- Born: 1961 (age 64–65)
- Occupations: Journalist; health correspondent;
- Employer: RTÉ

= Fergal Bowers =

Irish journalist

Fergal Bowers (born November 1961) is an Irish journalist. He is the health correspondent for RTÉ News. Previously he worked as an editor for Irish Medical News from 1988 to 2000, and irishhealth.com from 2000 to 2004.

==Career==
Bowers has been a journalist since 1980. He began his career working for Rod & Gun, a monthly fishing and shooting magazine and Sail N' Power, a boating and sailing magazine, both published from Rathfarnham in Dublin. He was editor of Irish Pro & Am Golf News, a monthly Irish golf newspaper from 1983 to 1985. He was editor of The Oracle, a monthly newspaper for the Dublin South West region, based in Tallaght from 1987 to 1988.
He was a senior reporter and later appointed editor for Irish Medical News in 1988 and won an ESB National Media Award in 1996 for his coverage of the Hepatitis C blood infection scandal.

On 31 October 2000, it was announced that he would be a new editor for Ireland's independent health website irishhealth.com. In August 2004, he was appointed by RTÉ to the senior position of health correspondent. Bowers is most associated with Ireland's national public service broadcaster, RTÉ News, and his radio, television and online coverage of the COVID-19 pandemic in Ireland between 2020 and 2022.
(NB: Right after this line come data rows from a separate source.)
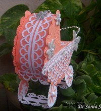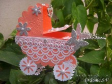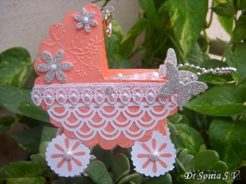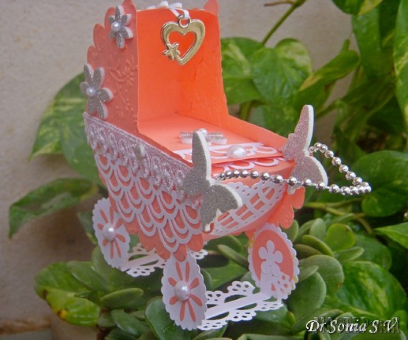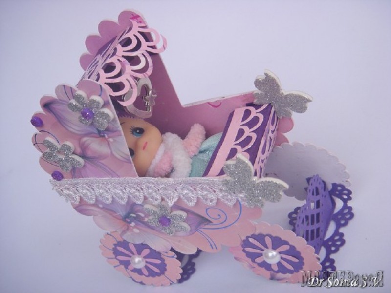 Такая коляска делается из ненужных поздравительных открыток. Её можно сделать вместе с детьми и подарить на рождение ребенка или свадьбу.
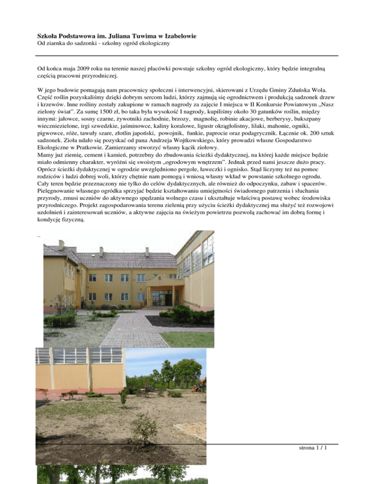 Szkoła Podstawowa im. Juliana Tuwima w Izabelowie Od ziarnka do sadzonki - szkolny ogród ekologiczny Od końca maja 2009 roku na terenie naszej placówki powstaje szkolny ogród ekologiczny, który będzie integralną częścią pracowni przyrodniczej. W jego budowie pomagają nam pracownicy społeczni i interwencyjni, skierowani z Urzędu Gminy Zduńska Wola. Część roślin pozyskaliśmy dzięki dobrym sercom ludzi, którzy zajmują się ogrodnictwem i produkcją sadzonek drzew i krzewów. Inne rośliny zostały zakupione w ramach nagrody za zajęcie I miejsca w II Konkursie Powiatowym „Nasz zielony świat”. Za sumę 1500 zł, bo taka była wysokość I nagrody, kupiliśmy około 30 gatunków roślin, między innymi: jałowce, sosny czarne, żywotniki zachodnie, brzozy, magnolię, robinie akacjowe, berberysy, bukszpany wieczniezielone, irgi szwedzkie, jaśminowce, kaliny koralowe, ligustr okrągłolistny, lilaki, mahonie, ogniki, pigwowce, róże, tawuły szare, złotlin japoński, powojnik, funkie, paprocie oraz podagrycznik. Łącznie ok. 200 sztuk sadzonek. Zioła udało się pozyskać od pana Andrzeja Wojtkowskiego, który prowadzi własne Gospodarstwo Ekologiczne w Pratkowie. Zamierzamy stworzyć własny kącik ziołowy. Mamy już ziemię, cement i kamień, potrzebny do zbudowania ścieżki dydaktycznej, na której każde miejsce będzie miało odmienny charakter, wyróżni się swoistym „ogrodowym wnętrzem”. Jednak przed nami jeszcze dużo pracy. Oprócz ścieżki dydaktycznej w ogrodzie uwzględniono pergole, ławeczki i ognisko. Stąd liczymy też na pomoc rodziców i ludzi dobrej woli, którzy chętnie nam pomogą i wniosą własny wkład w powstanie szkolnego ogrodu. Cały teren będzie przeznaczony nie tylko do celów dydaktycznych, ale również do odpoczynku, zabaw i spacerów. Pielęgnowanie własnego ogródka sprzyjać będzie kształtowaniu umiejętności świadomego patrzenia i słuchania przyrody, zmusi uczniów do aktywnego spędzania wolnego czasu i ukształtuje właściwą postawę wobec środowiska przyrodniczego. Projekt zagospodarowania terenu zielenią przy użyciu ścieżki dydaktycznej ma służyć też rozwojowi uzdolnień i zainteresowań uczniów, a aktywne zajęcia na świeżym powietrzu pozwolą zachować im dobrą formę i kondycję fizyczną. strona 1 / 1
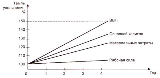 тип экономического роста. Экономисты различают два типа роста' экстенсивный (когда рост обеспечивается за счет количественного наращивания экономических ресурсов) и интенсивный (увеличение объемов выпуска вследствие качественного улучшения имеющихся ресурсов). Однако в чистом виде ни один из этих типов роста не встречается, поэтому речь может идти лишь о преимущественно экстенсивном или преимущественно интенсивном экономическом росте,
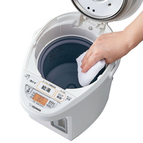 電気とまほうびんを組み合わせた保温により消費電力を抑える「VE電気まほうびん」。
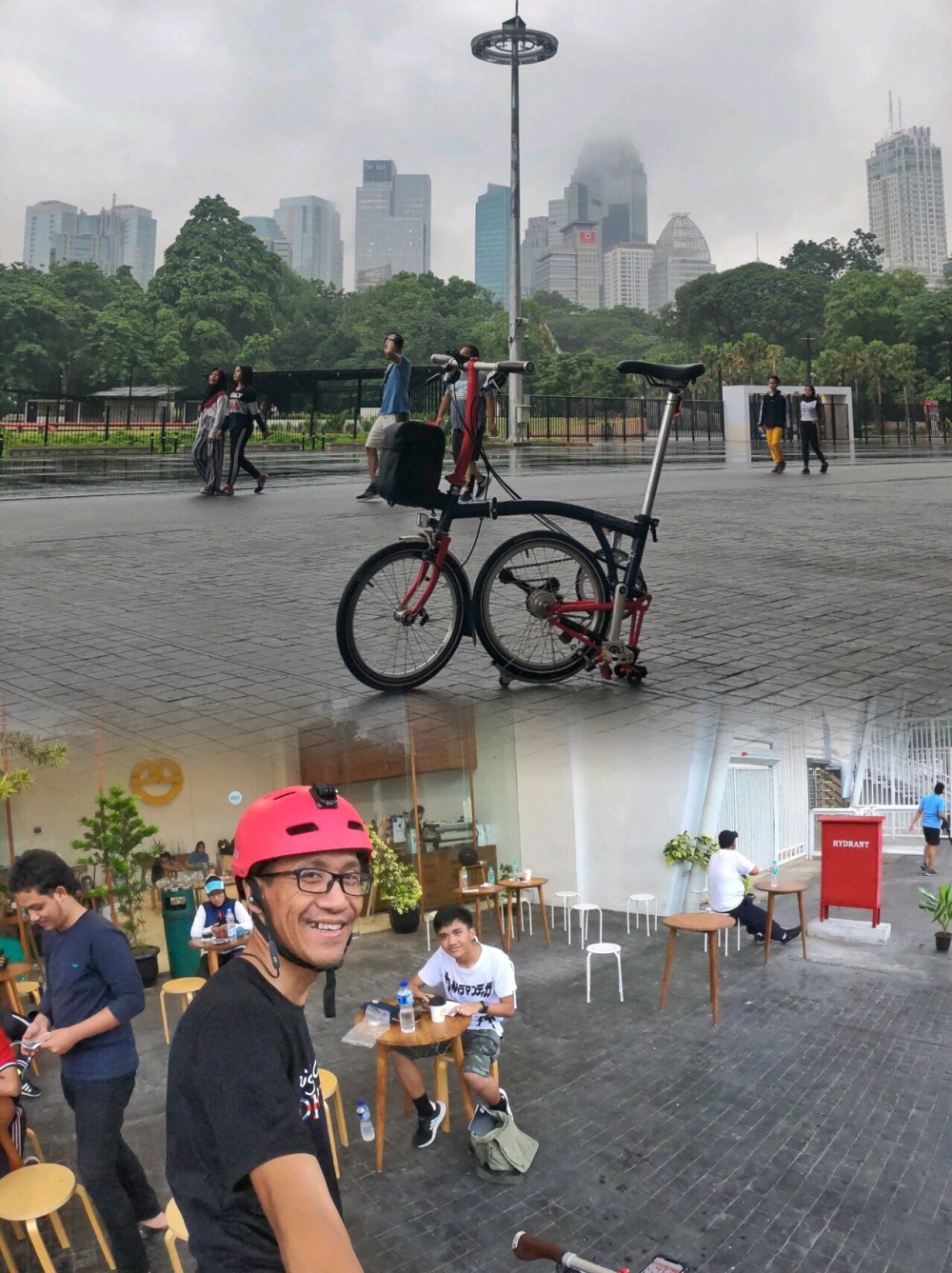 Namun sialnya, hujan yang tanpa kompromi pagi ini memaksa kita untuk berhenti dan berteduh di Gelora Bung Karno. Struktur stadion yang megah memberikan perlindungan dari hujan, sekaligus membolehkan kita untuk berolahraga berkeliling stadion. Ditambah dengan seduhan kopi nikmat di sudut stadion, we’re happy! 🚲 ☺️👍
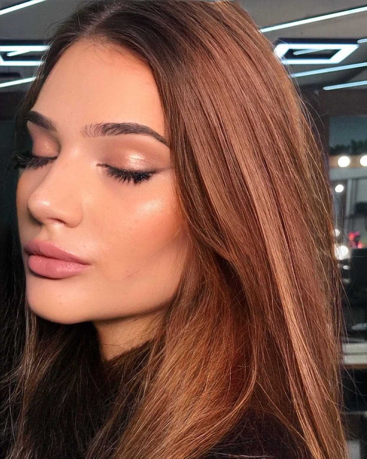- Легкий контуринг под скулами для создания естественной тени.
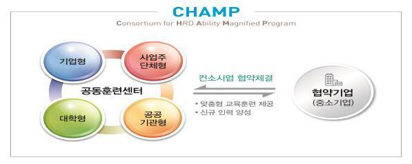 □ (개요) 기업‧사업주단체 등이 다수 중소기업과 컨소시엄을 구성하여 재직자 및 채용예정자 공동훈련을 실시할 수 있도록 인프라 비용 지원
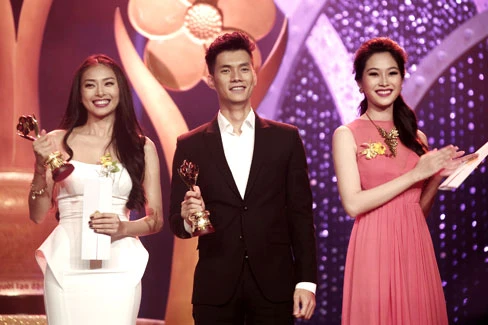Ở hạng mục Diễn viên điện ảnh được yêu thích nhất, Hoa hậu Thu Thảo và ca sĩ Quang Dũng đã xướng tên Ngô Thanh Vân và Nhan Phúc Vinh.
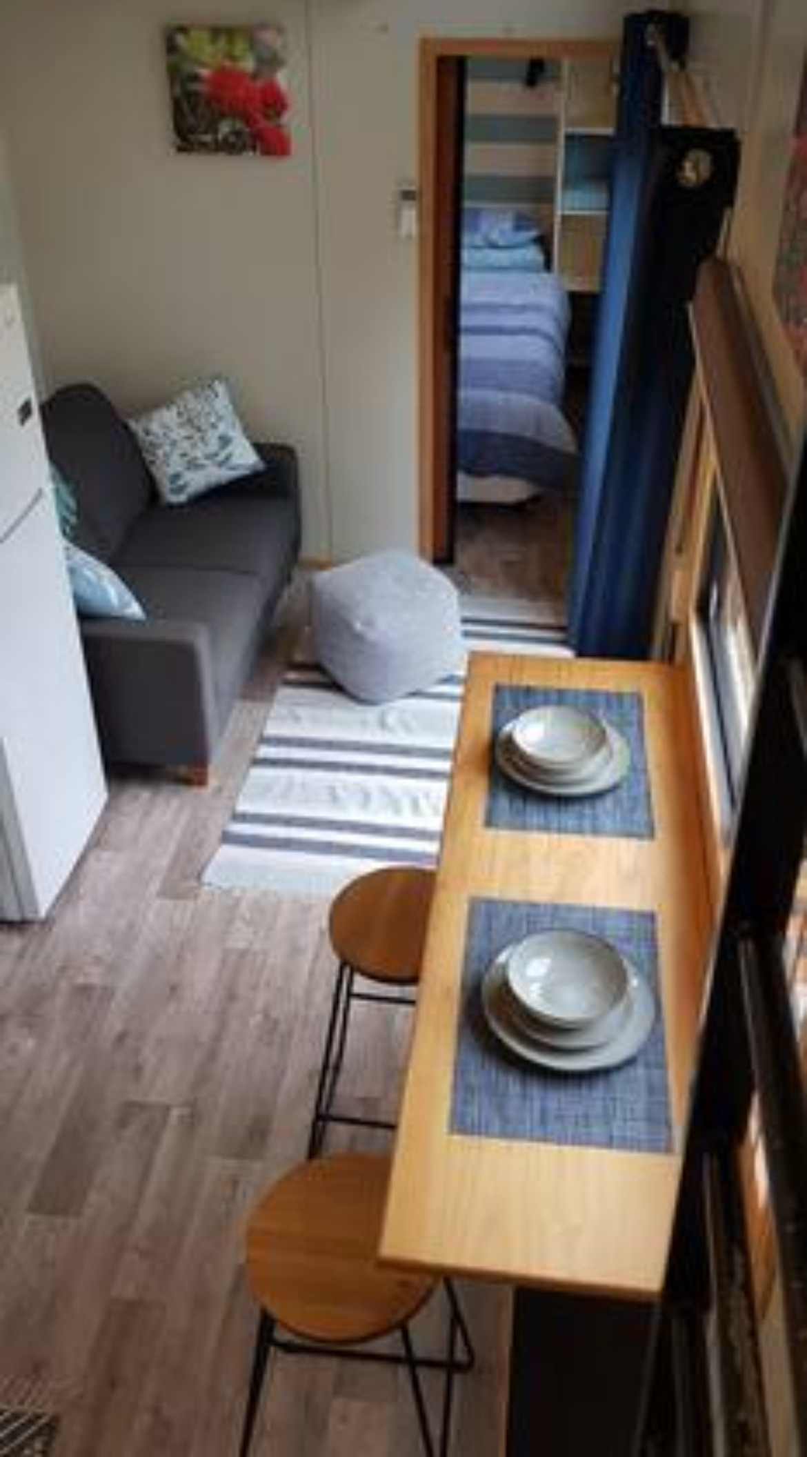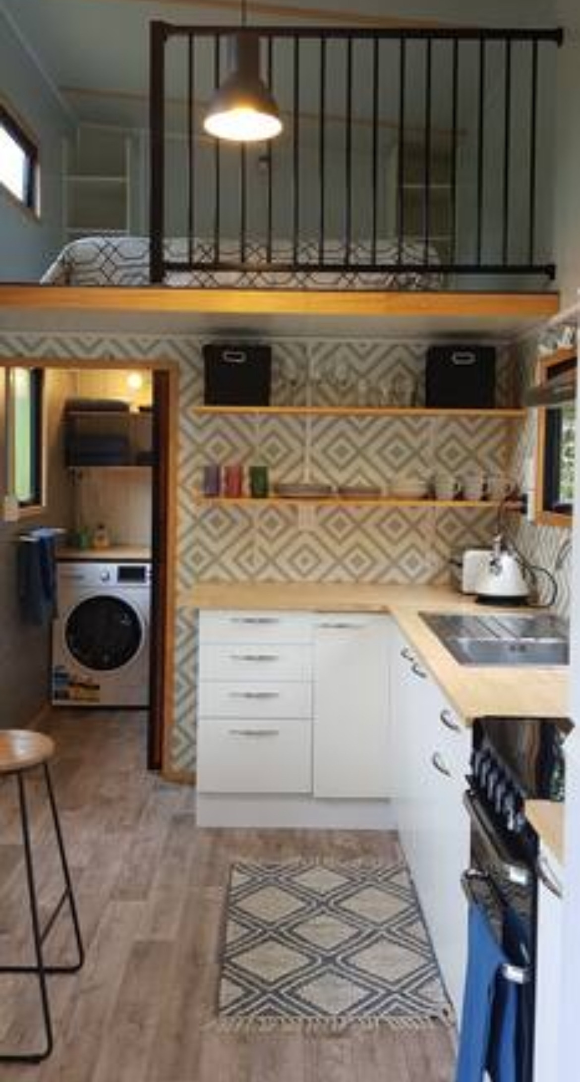 친구와 도착해서 앞마당에 주차를 했다. 이 타이니 하우스는 이동식이 아니라 호스트가 사는 집의 작은 마당을 쪼개어 한쪽에 박아둔 형태였다. 문을 열고 들어가니 바로 부엌과 2인용 소파가 눈에 들어왔다. 부엌에는 오븐도 설치되어 있어 조리가 가능해 보였고 문 옆 바테이블에서는 식사나 PC 업무를 할 수 있는 구조였다. 오른쪽 끝에는 침실이 있고 왼쪽 끝에는 세탁기와 샤워부스, 화장실을 포함한 욕실, 그 위에 사다리를 타고 올라가면 침실이 하나 더 있었다. 최대 3~4인 가족이 지낼 수 있도록 꾸며놓은 느낌이었다.
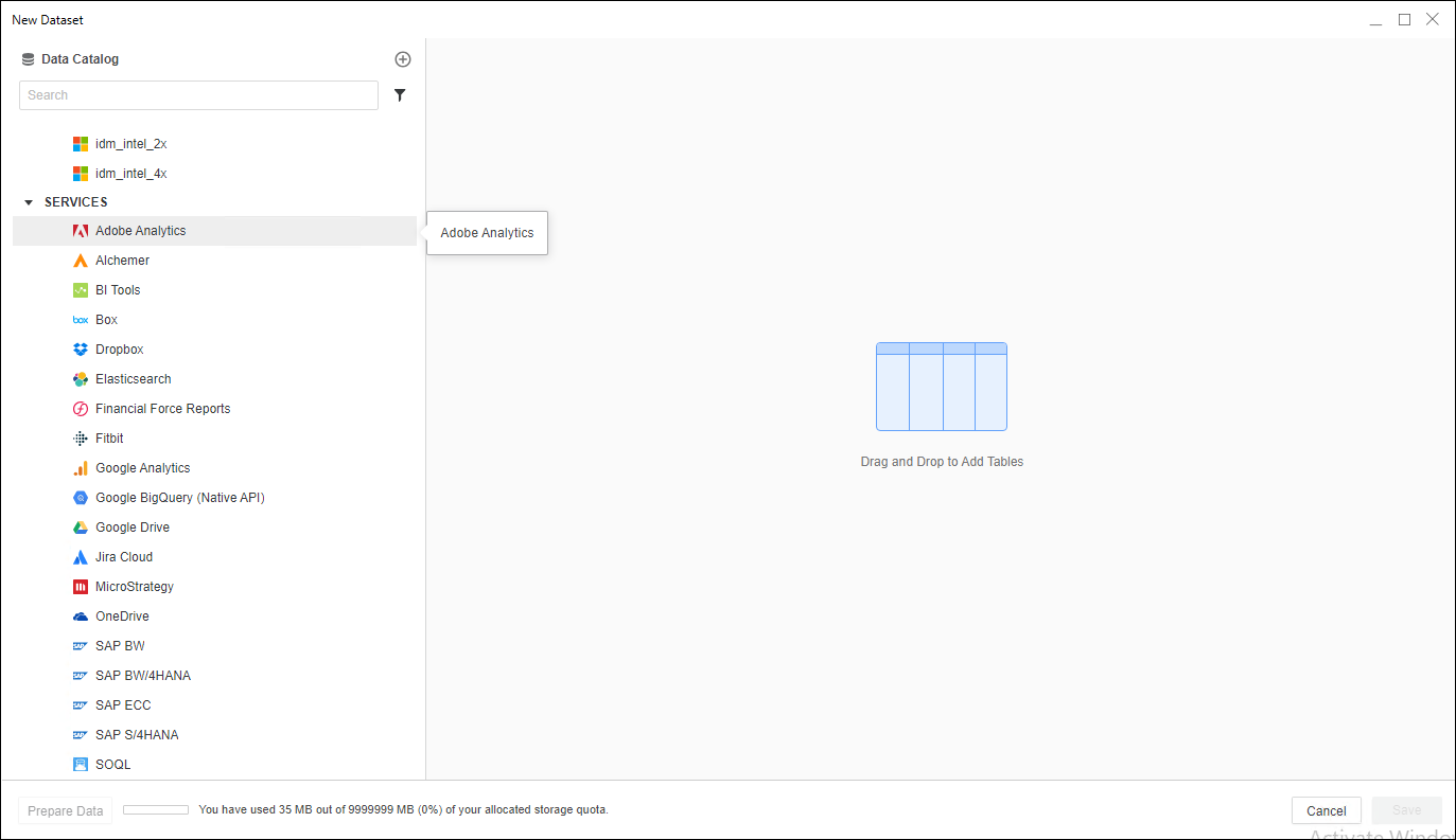 - Choisissez Adobe Analytics à partir de Services liste déroulante.

Bowers is the author of three non-fiction books, The Work: An investigation into the history of Opus Dei and how it operates in Ireland today (1989), Suicide in Ireland: A national study (1994) and Hep C Niamh's Story (1997).

In April 2020, Bowers was involved through COVIDAID Ireland in the release of a charity single On Horseback, in aid of Age Action Ireland and the Irish Red Cross Hardship Fund, for families affected by the pandemic.